Recently, topological principles have been implemented in photonics via the engineering of novel artificial photonic structures^29,30, such as the Weyl and Dirac metamaterials^31,32,33,34 and photonic topological insulators³⁵. These new photonic systems host exotic surface states with topology-protected propagation characteristics^32,33,34,35. It was reported in a seminal work by He et al. that negative refraction of the surface waves without any reflection could occur across certain hinges in phononic Weyl systems³⁶. However, this dispersion of the surface modes is highly anisotropic, with negative refraction only occurring for a very narrow incident angle, i.e., a negative refractive index cannot be assigned. A physical system for achieving All-angle REflectionless Negative refraction (AREN) has yet to be discovered.

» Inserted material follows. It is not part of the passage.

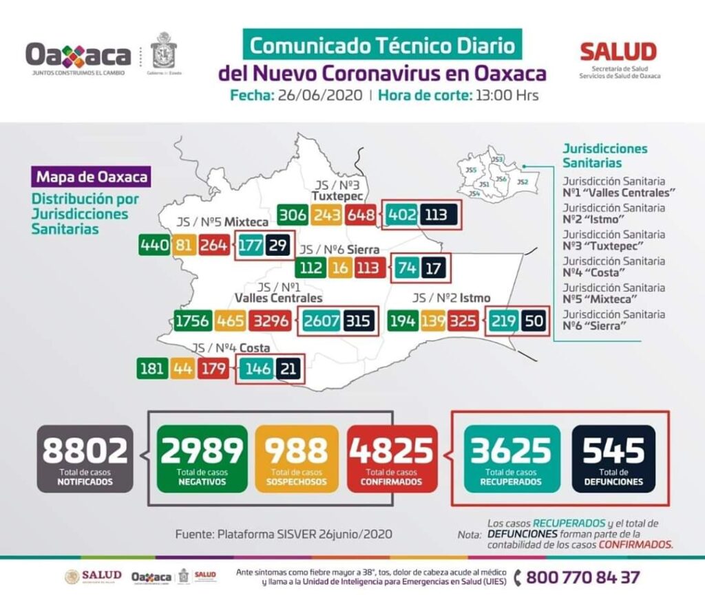 En representación del titular de los SSO, el funcionario explicó que del global de positivos, 276 son casos nuevos, se tiene en espera de resultados 988 pruebas, 545 personas han perdido la vida lamentablemente, 22 más que el día de ayer; así también tres mil 625 oaxaqueñas y oaxaqueños se han recuperado del padecimiento infeccioso.

Here, we propose to realize AREN in an ideal photonic Weyl system that contains only two ideal Weyl points (WPs) located at the same frequency. The principle of AREN, together with that of conventional negative refraction with a negative refractive index medium for comparison, is illustrated in Fig. 1. The refraction and reflection are governed by the momentum conservation in the in-plane direction (illustrated by the dashed gray lines), and the directions of their respective group velocities. In the conventional negative refraction, reflection is generally allowed, and its amplitude is determined by the impedance mismatch between the incident and the transmitting media (Fig. 1a). To realize AREN, we consider the equifrequency contour (EFC) of a Fermi arc, which is an open arc connecting between the projections of a pair of WPs with opposite topological charges in the surface Brillouin zone (BZ). With appropriate boundary conditions at the surface provided by the carefully chosen surrounding medium, the Fermi arcs can form a semicircle. Across the boundary, the Fermi arc can be controlled to occupy only the top half or the lower half of the circle, with the group velocity pointing outward or inward, respectively, i.e., the sign of the effective refractive index is flipped (Fig. 1b). As such, there would be no reflection state across the boundary, and negative refraction of perfect transmission can be achieved. In contrast to conventional all-angle negative refraction, our work opens the door to a robust negative index flat lens which collects all energy launched from the source.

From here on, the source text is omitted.